It is not surprising that the debates fail to satisfy. (I admit I didn't watch them. A few minutes of Romney's wild eyes and wilder lies, and I was ready to puke, and changed the channel. But I'm responding to the post-debate coverage I've read, both in the news media and on Facebook.)
You can't squarely and honestly address the issues facing this country unless you address the issue of class; to wit, that the rich and powerful are and have been systematically looting the working class both of this country and the world. (This is the actual class that includes the working poor plus the bulk of that which we disingenuously refer to as "the middle class" in our political debates.) They have been doing this since time immemorial, generally with the full help and support of government. This was mitigated for a brief time, due to working people's revolutionary struggles and the rise of unionism in the late 19th and early 20th Centuries. The post-WWII prosperity then eased the pressure (there was so much wealth to be generated, that the rich could be convinced to share). But since the mid-70s the rapine has resumed, and steadily intensified in force. Extreme inequality was a driving force behind the economic collapse of 2008, and our government (a milquetoast Presidency and a recalcitrant Congress) ensured that, while working people got some palliative measures (a stimulus package, payroll tax cuts, unemployment extensions), which actually lessened our pain compared to, e.g., Europe, the rich essentially got made whole, and certainly were not asked to pay for their crimes.

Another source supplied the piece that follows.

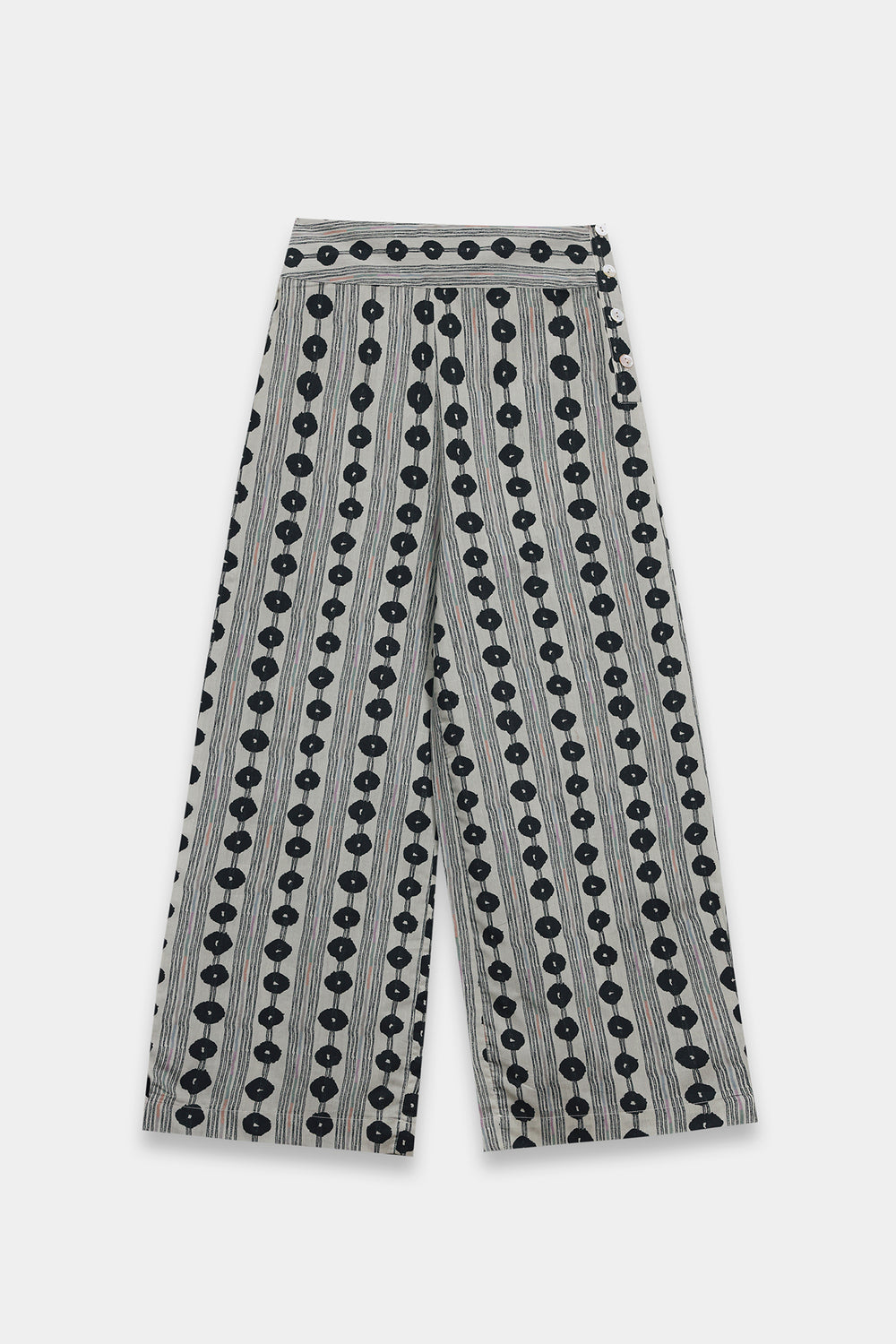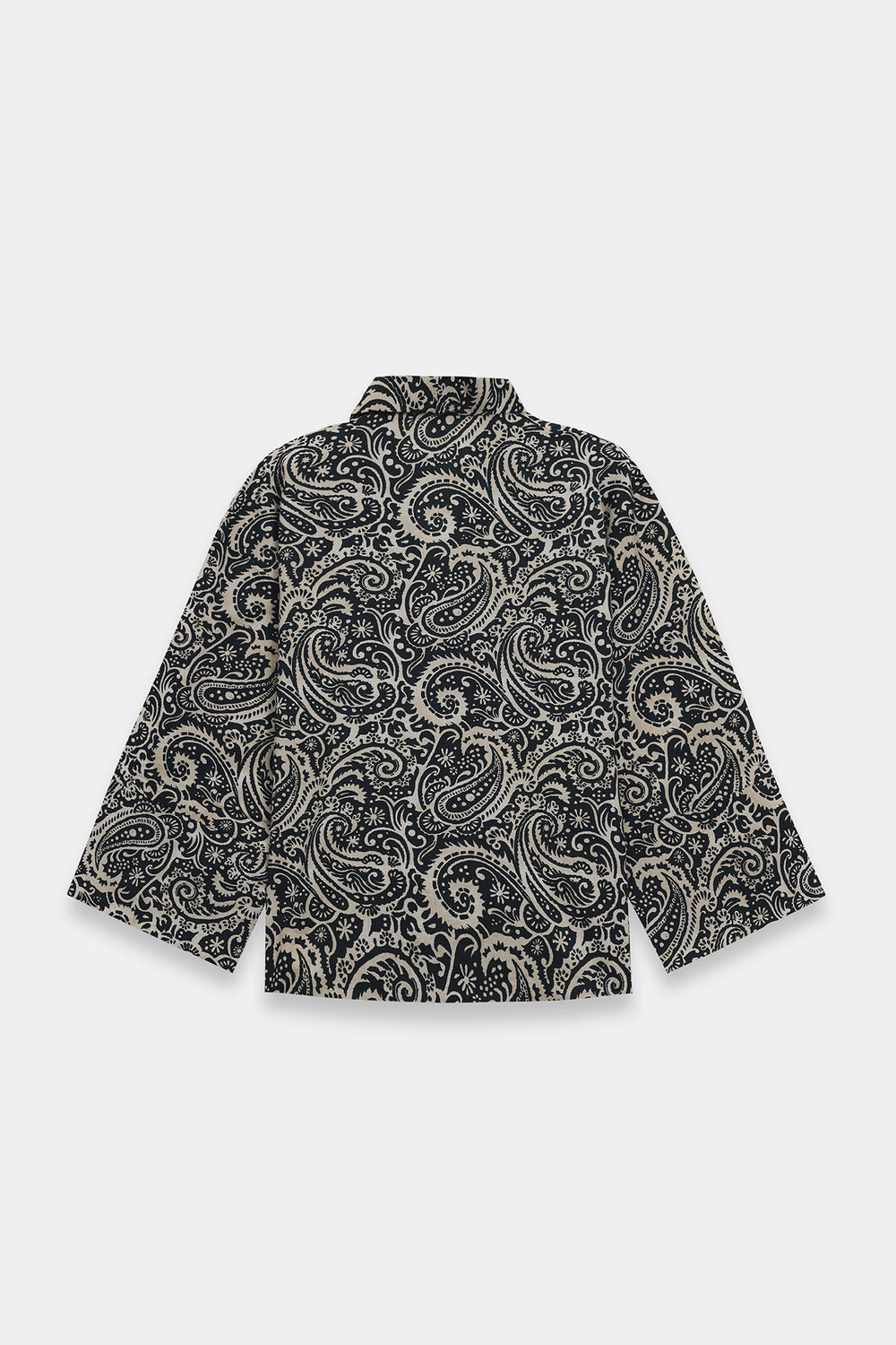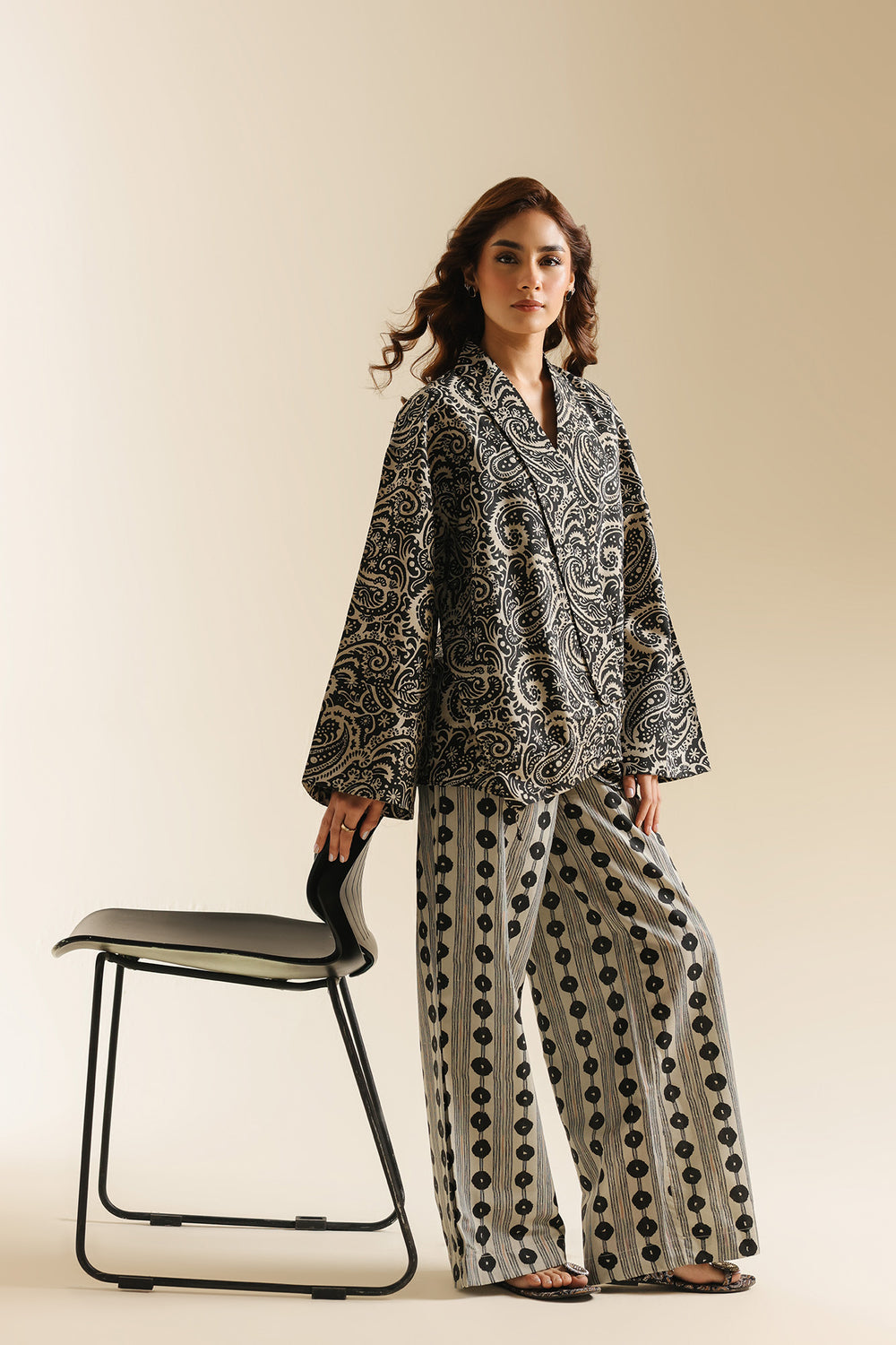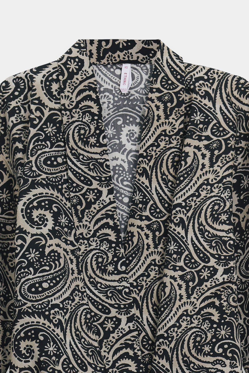 Command attention with this striking embroidered suit, a bold statement piece that masterfully combines pattern and proportion. The structured wrap jacket features a dramatic V-neckline and voluminous kimono-style sleeves, adorned with a captivating black and off-white paisley print that exudes timeless elegance. Paired with high-waisted palazzo trousers, the ensemble showcases a sophisticated vertical stripe composition. This contemporary silhouette celebrates artisanal design while offering versatile styling for both formal occasions and fashion-forward everyday wear.

But neither of the major U.S. parties can address this issue, since they are both entirely beholden to the capitalist class. Our Constitution, and our private cash-driven electoral system ensure this. I'm not a believer in the strategy of "Down with the Elephant, Down with the Ass." While I would love to see an effective (i.e., election-winning) "Party of the Working Class," I have yet to see one with a credible plan of building mass American support. Working within the Democratic Party has been somewhat more effective in my lifetime, but frustrating also: for all the so-called "progressives" we sometimes manage to elect, we can't seem to shake the identification of the Democrats as the kinder and gentler of the parties of the elites. Money is too influential, leadership too powerful, and even our "progressives", once in office, are often too willing to go along to get along.
I don't have a solution. We need an effective, yet revolutionary politics if we are ever to break the stranglehold of wealth over our lives, and I frankly can't see where that politics is coming from. But an honest recognition of the problem has got to be the first step.
P.S. The quote above is from an old Socialist chant, "Down with the Elephant. Down with the Ass. Let's build a party of the Working Class."